WORK ORDER:
Reproduce each line of the entries that carries "Necklace".

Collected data
-=-=-

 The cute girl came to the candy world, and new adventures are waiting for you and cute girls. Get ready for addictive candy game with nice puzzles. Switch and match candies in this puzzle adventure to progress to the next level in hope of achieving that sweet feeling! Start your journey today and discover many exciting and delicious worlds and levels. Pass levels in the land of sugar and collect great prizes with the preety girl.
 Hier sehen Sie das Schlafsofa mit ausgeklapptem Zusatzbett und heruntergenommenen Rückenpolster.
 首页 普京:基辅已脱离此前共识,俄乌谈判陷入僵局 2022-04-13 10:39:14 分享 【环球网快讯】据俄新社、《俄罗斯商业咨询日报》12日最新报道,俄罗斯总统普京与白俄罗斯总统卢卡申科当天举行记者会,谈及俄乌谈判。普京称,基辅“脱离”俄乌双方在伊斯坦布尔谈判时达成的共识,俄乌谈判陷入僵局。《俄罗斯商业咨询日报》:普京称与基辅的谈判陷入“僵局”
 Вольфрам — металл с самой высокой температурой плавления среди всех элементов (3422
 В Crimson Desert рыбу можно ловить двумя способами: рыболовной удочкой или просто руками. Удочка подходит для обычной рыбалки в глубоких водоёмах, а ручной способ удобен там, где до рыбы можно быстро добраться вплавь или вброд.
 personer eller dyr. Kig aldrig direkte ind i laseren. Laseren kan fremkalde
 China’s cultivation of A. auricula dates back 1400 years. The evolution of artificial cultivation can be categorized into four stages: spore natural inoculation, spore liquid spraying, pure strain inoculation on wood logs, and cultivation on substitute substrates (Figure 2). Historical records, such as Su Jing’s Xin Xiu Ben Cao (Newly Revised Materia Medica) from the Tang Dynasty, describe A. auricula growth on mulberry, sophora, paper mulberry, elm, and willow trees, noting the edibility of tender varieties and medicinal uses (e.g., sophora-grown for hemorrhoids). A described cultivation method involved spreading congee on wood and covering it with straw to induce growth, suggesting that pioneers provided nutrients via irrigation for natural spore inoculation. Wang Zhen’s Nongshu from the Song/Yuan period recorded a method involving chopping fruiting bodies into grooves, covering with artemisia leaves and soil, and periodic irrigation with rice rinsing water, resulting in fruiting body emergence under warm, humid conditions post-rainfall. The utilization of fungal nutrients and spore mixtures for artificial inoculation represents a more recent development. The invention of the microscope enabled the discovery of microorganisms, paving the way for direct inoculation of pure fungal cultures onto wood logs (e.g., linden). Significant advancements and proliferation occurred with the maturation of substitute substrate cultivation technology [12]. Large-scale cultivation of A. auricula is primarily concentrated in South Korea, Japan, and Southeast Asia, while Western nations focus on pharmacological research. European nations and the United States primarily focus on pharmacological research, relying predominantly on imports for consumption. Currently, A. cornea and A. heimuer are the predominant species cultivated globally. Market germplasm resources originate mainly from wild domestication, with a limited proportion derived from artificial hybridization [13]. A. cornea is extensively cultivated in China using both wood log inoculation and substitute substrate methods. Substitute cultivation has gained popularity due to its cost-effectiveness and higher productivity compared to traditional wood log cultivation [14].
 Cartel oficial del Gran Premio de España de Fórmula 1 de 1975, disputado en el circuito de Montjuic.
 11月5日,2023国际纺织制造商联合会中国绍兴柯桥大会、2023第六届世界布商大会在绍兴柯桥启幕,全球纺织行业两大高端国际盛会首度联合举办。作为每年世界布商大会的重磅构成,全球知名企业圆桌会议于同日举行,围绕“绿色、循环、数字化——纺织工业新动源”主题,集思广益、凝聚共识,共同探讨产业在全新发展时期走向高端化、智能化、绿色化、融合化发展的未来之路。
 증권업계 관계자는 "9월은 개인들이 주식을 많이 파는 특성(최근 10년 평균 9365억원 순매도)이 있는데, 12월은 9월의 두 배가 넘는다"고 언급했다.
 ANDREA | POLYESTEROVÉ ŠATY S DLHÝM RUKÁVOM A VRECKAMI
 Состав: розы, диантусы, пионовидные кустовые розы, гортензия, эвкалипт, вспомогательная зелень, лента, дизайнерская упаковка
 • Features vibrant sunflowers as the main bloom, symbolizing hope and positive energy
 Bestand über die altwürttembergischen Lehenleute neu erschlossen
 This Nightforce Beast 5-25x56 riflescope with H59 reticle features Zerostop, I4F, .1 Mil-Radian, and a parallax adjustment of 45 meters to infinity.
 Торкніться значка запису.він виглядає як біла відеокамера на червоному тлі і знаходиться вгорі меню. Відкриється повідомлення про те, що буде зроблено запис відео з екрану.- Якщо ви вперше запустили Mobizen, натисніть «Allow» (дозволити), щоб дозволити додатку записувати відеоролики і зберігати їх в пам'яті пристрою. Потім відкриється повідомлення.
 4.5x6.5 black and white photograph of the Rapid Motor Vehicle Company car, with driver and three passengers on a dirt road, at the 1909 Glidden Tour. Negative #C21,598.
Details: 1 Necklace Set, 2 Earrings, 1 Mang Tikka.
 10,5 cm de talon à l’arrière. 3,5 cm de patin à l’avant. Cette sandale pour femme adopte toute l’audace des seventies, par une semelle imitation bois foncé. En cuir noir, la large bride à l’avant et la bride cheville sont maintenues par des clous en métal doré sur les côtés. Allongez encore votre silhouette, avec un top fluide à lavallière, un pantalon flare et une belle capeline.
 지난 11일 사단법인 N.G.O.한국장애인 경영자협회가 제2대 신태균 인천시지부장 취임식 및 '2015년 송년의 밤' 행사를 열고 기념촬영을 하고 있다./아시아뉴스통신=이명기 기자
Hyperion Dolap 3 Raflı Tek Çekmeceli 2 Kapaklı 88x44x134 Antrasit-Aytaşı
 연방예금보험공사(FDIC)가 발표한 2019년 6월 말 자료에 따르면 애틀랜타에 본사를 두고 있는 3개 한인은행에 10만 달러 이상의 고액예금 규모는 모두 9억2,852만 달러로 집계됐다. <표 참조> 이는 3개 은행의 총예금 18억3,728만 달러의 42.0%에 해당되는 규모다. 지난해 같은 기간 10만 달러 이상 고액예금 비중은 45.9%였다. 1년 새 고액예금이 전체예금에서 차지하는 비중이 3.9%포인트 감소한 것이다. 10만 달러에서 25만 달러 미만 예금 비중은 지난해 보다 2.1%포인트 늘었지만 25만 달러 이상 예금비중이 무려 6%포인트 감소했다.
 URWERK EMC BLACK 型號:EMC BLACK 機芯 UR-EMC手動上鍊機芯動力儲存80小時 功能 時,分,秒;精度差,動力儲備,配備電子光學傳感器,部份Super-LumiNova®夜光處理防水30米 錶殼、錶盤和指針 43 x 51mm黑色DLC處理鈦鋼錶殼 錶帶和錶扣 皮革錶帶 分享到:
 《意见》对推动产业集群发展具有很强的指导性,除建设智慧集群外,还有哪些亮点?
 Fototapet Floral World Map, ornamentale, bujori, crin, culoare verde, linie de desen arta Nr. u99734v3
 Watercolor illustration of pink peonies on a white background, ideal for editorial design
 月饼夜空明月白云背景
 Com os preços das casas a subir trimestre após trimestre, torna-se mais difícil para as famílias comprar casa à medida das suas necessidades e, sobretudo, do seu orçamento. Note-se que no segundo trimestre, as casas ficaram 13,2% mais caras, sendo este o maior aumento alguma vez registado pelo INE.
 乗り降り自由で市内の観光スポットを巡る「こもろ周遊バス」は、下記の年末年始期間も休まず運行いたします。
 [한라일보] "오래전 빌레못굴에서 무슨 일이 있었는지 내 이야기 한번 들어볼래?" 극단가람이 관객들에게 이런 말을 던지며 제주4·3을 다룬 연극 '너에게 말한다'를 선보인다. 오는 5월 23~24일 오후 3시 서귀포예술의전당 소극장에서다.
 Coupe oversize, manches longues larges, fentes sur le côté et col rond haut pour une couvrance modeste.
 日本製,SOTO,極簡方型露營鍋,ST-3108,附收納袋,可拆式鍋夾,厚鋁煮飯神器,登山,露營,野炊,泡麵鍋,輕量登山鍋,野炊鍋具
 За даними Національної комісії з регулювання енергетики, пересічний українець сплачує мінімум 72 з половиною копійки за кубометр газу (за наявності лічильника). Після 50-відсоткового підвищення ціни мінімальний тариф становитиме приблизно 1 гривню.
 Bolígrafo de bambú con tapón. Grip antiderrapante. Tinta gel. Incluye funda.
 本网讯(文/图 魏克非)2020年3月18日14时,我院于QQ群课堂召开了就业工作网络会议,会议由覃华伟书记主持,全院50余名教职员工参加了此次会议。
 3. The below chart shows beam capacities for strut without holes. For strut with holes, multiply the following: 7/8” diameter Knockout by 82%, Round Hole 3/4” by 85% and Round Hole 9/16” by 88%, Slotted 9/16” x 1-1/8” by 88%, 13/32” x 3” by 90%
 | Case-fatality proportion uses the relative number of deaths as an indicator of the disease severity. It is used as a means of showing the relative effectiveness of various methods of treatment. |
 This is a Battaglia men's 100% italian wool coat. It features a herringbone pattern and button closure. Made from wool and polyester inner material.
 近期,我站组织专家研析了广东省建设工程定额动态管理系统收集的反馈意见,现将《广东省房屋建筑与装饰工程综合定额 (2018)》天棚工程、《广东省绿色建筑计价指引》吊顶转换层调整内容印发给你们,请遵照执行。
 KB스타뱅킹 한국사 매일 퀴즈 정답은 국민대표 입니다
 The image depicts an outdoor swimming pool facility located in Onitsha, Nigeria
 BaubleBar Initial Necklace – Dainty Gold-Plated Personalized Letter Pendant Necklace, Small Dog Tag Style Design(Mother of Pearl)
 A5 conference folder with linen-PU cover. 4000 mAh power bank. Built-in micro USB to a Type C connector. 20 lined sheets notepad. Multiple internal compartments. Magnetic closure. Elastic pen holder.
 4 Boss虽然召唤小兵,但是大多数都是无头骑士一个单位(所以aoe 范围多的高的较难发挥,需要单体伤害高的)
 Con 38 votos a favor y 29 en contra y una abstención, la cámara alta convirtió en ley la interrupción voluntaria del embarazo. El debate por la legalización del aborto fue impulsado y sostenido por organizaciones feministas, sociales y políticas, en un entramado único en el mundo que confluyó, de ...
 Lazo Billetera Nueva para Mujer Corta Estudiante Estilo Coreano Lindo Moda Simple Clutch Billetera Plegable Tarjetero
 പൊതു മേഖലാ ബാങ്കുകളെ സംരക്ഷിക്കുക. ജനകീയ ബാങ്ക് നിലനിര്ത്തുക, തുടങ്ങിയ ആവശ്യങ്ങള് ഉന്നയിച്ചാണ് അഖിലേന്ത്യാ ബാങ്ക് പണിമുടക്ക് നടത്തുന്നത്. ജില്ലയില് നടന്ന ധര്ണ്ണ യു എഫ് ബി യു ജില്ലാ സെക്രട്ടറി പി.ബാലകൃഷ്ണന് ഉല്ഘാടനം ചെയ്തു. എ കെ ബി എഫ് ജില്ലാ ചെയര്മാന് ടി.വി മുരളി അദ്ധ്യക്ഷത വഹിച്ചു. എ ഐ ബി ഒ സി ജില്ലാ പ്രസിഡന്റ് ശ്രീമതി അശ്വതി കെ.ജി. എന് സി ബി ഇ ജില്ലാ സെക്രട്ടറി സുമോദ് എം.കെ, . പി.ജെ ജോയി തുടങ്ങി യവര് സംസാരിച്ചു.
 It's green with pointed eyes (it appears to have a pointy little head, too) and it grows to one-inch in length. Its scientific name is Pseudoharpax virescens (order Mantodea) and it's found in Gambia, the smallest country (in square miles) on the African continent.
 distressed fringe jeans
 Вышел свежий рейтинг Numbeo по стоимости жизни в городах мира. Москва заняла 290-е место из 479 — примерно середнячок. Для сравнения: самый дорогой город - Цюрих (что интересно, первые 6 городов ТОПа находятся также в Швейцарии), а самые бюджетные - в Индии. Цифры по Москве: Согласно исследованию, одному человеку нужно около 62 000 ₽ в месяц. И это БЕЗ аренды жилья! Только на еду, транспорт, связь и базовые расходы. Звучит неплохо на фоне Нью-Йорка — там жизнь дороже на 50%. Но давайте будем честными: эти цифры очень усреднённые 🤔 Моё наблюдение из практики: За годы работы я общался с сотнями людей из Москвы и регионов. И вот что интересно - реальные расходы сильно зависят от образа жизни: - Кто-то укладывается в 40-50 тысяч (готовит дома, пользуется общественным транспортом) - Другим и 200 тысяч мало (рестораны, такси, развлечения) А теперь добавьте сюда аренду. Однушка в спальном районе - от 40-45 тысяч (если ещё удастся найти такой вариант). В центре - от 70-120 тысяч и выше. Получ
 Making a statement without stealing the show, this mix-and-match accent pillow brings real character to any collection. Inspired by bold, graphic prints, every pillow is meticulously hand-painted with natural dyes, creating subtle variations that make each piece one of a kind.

-=-=-

RESPONSE BELOW:
Details: 1 Necklace Set, 2 Earrings, 1 Mang Tikka.
 BaubleBar Initial Necklace – Dainty Gold-Plated Personalized Letter Pendant Necklace, Small Dog Tag Style Design(Mother of Pearl)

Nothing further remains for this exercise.